The warnings for dopamine drugs comprise fibrotic reactions, hypotension, sudden onset of sleep and disinhibitory behaviours.
Other side effects listed are: nausea, vomiting, drowsiness, confusion, injection site reactions, rash, difficulty breathing, dyskinesias during ‘on’ periods, haemolytic anaemia with levodopa, eosinophilia and disinhibitory behaviours of pathological gambling, increased libido and hypersexuality.
How likely are the listed side effects of dopaminergic drugs to happen?
It is difficult to assess the frequency of any of these side effects as they may occur transiently upon treatment initiation or when titration either upwards or downwards occurs. Some symptoms such as the psychiatric and disinhibitory effects may not occur until the treatment regime has been established over several weeks.
In the absence of reliable empirical data predictive of incidence and time of onset, it is important for the prescriber to alert the patient and his/her carer to such reactions. Drug-related side effects should be identified by questioning the patient or carer during clinic or surgery attendance and they should be carefully monitored.
Do dopaminergic treatments actually cause problems?
There is a body of literature that suggests l-dopa could be neurotoxic and exacerbate neuronal death of those cells producing dopamine. The evidence is not clear-cut while the advantages for treatment are well founded.
Could my drug have caused this, doctor?
The long running failure to link serious problems of anti-social and impulsive behaviour with treatment with the dopamine agonist class of drug is shameful. Current figures reported from clinical studies indicate that as many as 23% of patients prescribed dopamine agonists suffer from dopamine dysregulation syndrome or impulse control disorder. In some cases the behaviours have resulted in bankruptcy, criminal convictions and loss of family support at a time when the patient is experiencing a disintegration of neural integrity and commensurate losses of motor function and cognitive skills.
The fact that such adverse effects occurred and were massively under-reported for a period of more than 20 years reflected the patients’ shame and attempts to hide such anti-social behaviours.

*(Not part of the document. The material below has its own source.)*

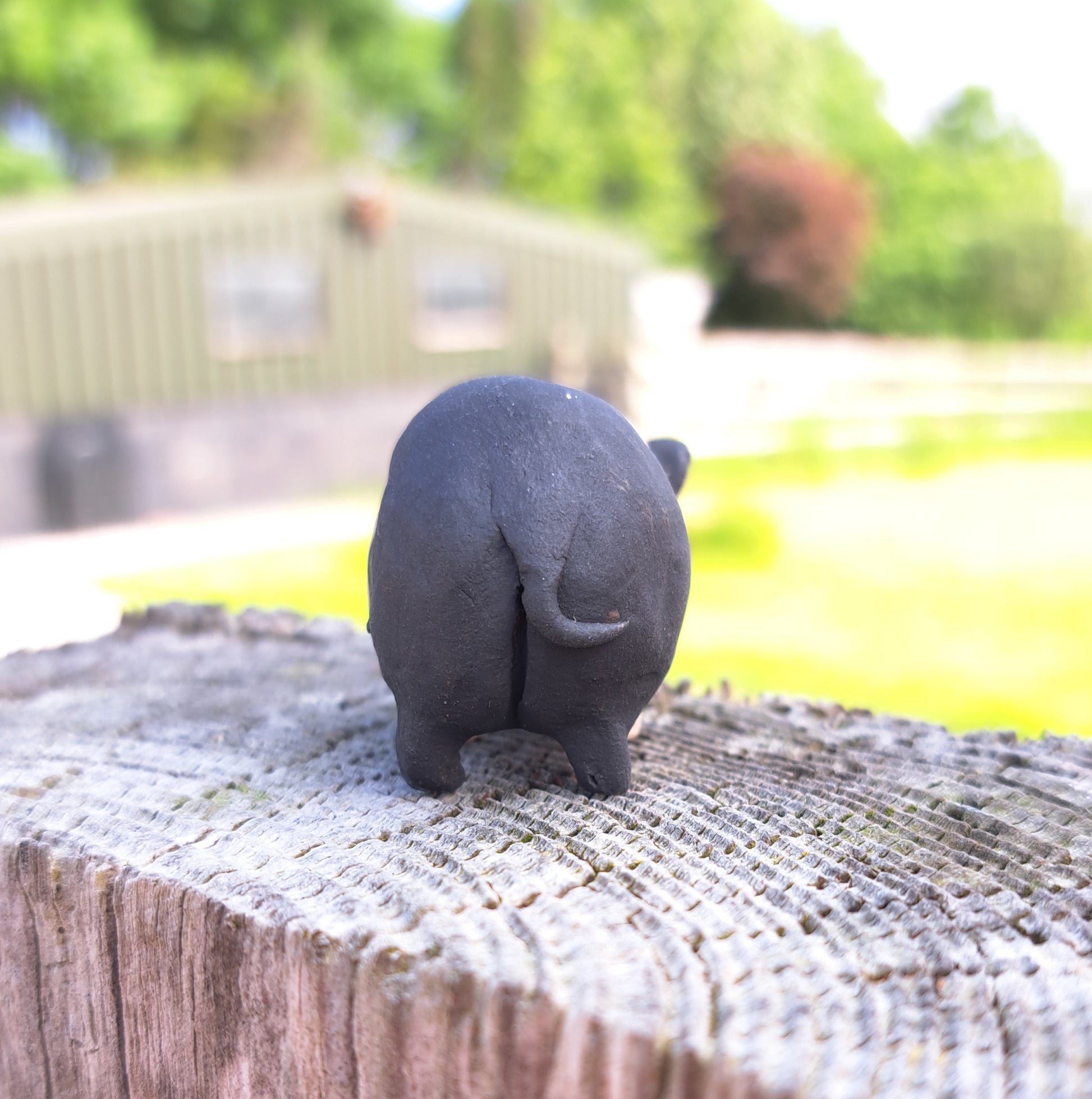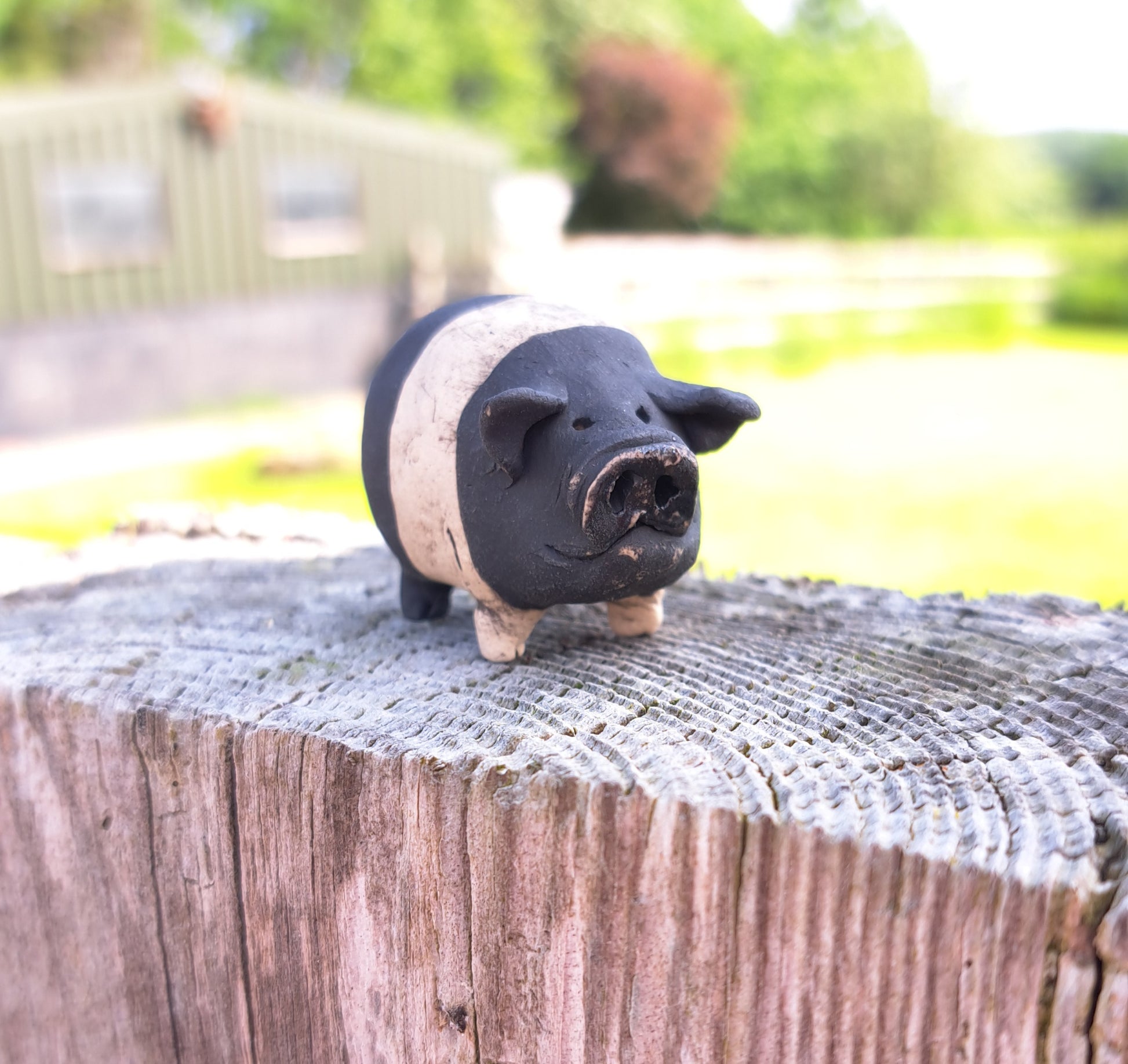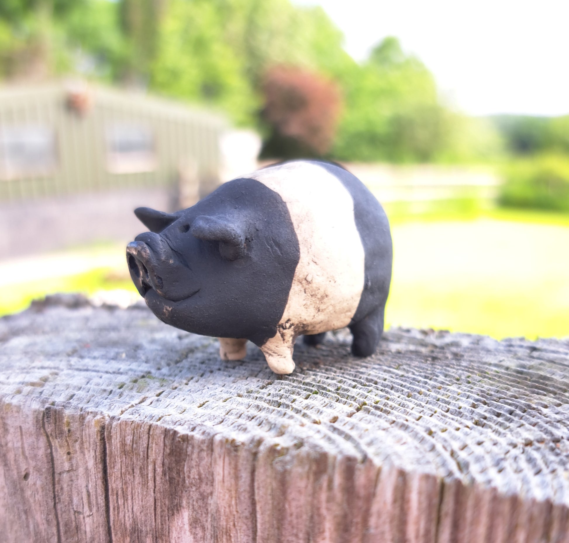 This delightful piggy has been hand-sculpted and then fired to around 1000°c. It has then been painted with underglazes, a slight glaze to the snout and then re-fired to around 1230°c

Also, patients attributed these changes in personality to the disease itself rather than the medication they were being prescribed.
Over this 20-year period, few doctors submitted reports to the regulators or companies. Patients became aware of the issues through patient blogs and legal cases being reported in the press.
What kind of doctor have I got?
An astute doctor will keep up-to-date with their patients’ disorder through websites, conferences, journals and recurrent training. Importantly, patients should be asked about the onset of any new behaviour or symptom in response to a change in medication or increase or decrease in dose.
There should never be a complete reliance upon the Patient Information Leaflet, BNF, or e- compendiums as these rely heavily upon data provided by the pharmaceutical company. In specific cases the pharmaceutical companies have been shown to place profit before patient safety through selective clinical trial design and the under-reporting of negative results.